◆ Exercise description
Extract only the lines from the start of the entries below to the line with "Farbenfrohe Mischung verschiedener", inclusive; omit every picture.

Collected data

*** Block opens ***

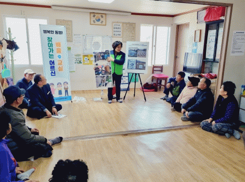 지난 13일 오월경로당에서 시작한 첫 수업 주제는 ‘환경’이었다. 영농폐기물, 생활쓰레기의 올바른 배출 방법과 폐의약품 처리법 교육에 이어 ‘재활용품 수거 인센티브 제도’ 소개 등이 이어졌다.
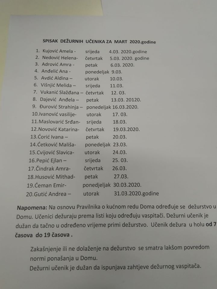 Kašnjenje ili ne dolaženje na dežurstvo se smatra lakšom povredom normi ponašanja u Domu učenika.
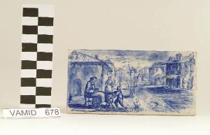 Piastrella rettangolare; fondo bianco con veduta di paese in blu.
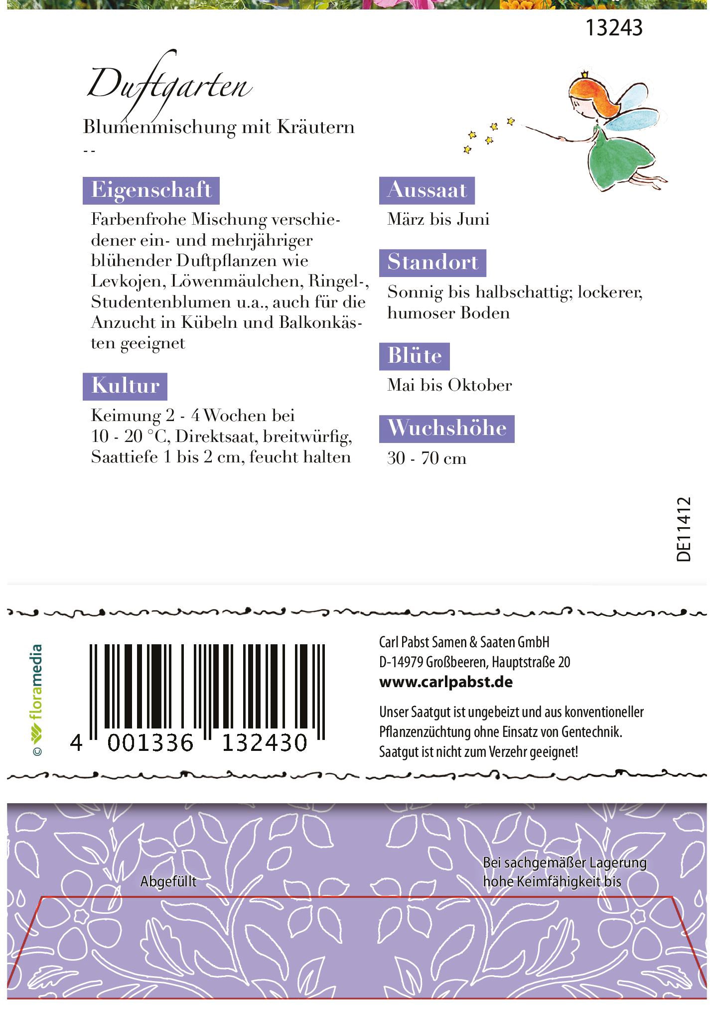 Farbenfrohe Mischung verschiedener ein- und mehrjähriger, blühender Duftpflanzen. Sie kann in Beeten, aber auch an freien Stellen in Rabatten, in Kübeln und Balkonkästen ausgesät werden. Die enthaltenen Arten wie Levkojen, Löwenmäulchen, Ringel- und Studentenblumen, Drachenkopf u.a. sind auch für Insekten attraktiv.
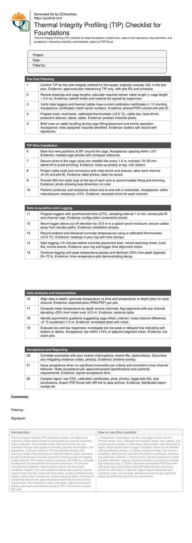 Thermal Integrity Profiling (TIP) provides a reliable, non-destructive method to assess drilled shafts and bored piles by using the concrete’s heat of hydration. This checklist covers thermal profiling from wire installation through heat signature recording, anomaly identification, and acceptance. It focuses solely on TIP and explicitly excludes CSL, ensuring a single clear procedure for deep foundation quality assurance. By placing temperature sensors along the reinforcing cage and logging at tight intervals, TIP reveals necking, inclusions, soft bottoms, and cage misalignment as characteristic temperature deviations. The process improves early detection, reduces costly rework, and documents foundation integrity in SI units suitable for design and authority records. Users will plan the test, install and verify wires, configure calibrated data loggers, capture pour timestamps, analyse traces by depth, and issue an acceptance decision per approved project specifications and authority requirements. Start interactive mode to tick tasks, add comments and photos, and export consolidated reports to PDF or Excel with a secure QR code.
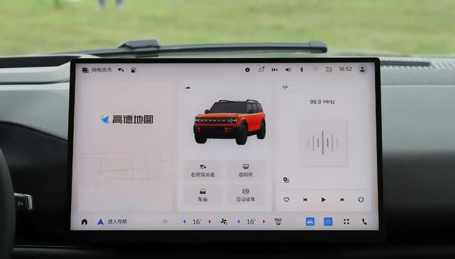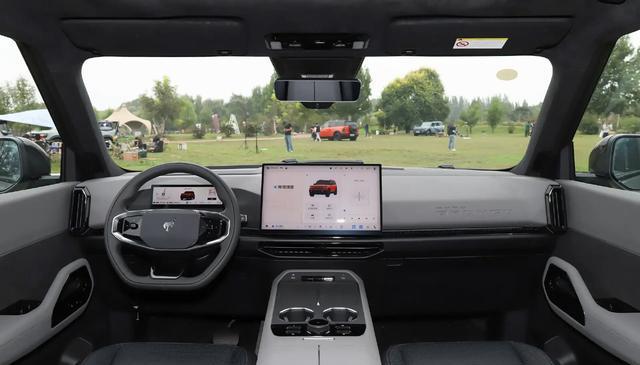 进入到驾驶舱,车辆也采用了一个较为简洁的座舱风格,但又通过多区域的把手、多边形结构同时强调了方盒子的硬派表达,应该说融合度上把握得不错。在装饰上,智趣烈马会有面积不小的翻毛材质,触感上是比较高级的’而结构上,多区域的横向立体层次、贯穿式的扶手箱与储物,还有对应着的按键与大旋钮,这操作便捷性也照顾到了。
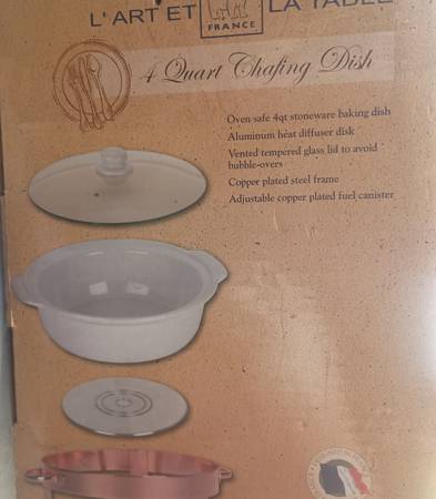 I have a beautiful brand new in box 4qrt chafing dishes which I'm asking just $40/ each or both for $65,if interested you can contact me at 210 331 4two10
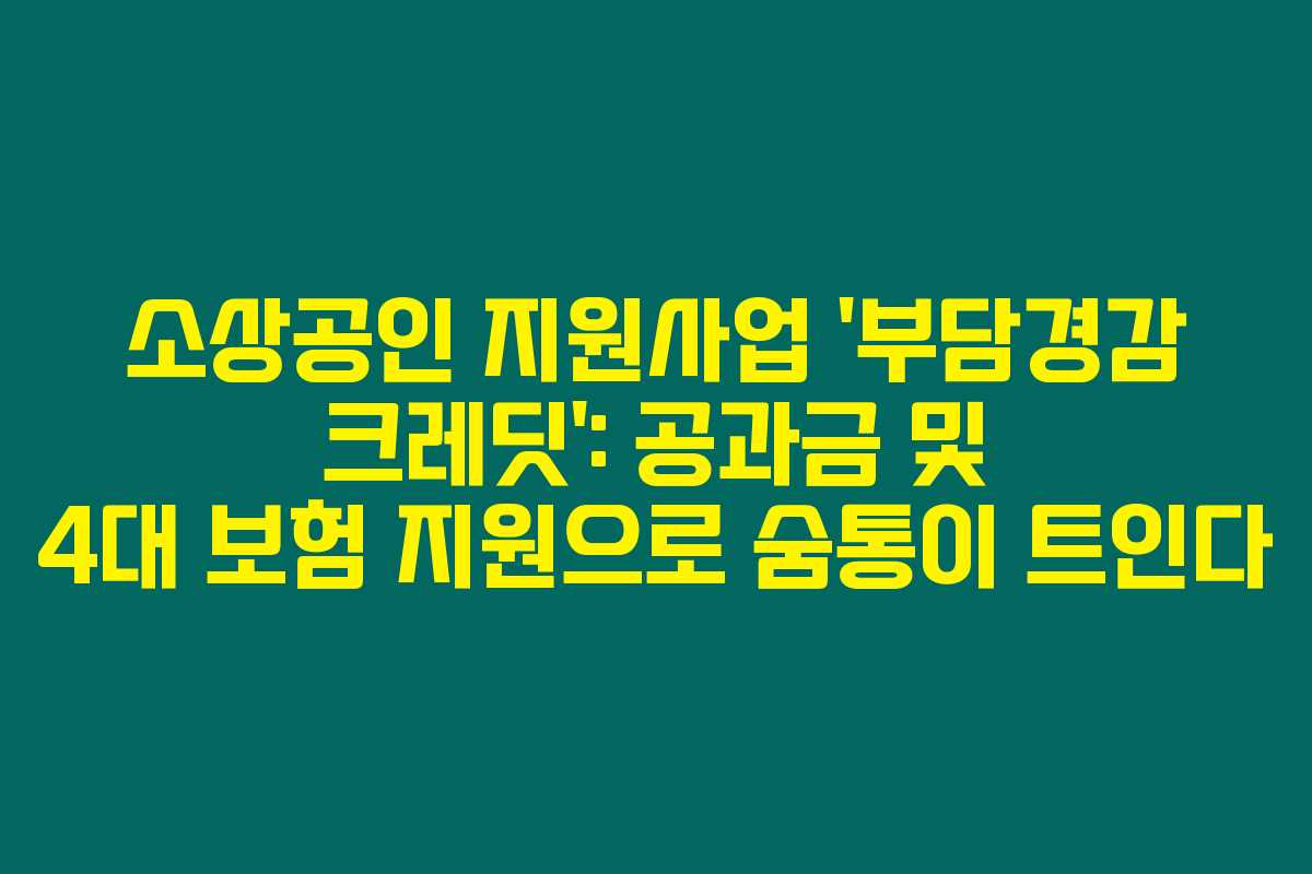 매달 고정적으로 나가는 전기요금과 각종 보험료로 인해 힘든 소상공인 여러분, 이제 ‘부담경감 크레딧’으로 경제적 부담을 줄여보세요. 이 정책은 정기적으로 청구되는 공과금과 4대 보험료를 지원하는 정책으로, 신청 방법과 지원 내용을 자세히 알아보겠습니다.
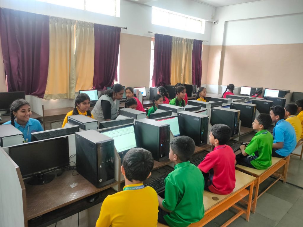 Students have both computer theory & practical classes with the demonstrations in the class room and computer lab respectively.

*** Block closes ***

◆ Exercise response
 지난 13일 오월경로당에서 시작한 첫 수업 주제는 ‘환경’이었다. 영농폐기물, 생활쓰레기의 올바른 배출 방법과 폐의약품 처리법 교육에 이어 ‘재활용품 수거 인센티브 제도’ 소개 등이 이어졌다.
 Kašnjenje ili ne dolaženje na dežurstvo se smatra lakšom povredom normi ponašanja u Domu učenika.
 Piastrella rettangolare; fondo bianco con veduta di paese in blu.
 Farbenfrohe Mischung verschiedener ein- und mehrjähriger, blühender Duftpflanzen. Sie kann in Beeten, aber auch an freien Stellen in Rabatten, in Kübeln und Balkonkästen ausgesät werden. Die enthaltenen Arten wie Levkojen, Löwenmäulchen, Ringel- und Studentenblumen, Drachenkopf u.a. sind auch für Insekten attraktiv.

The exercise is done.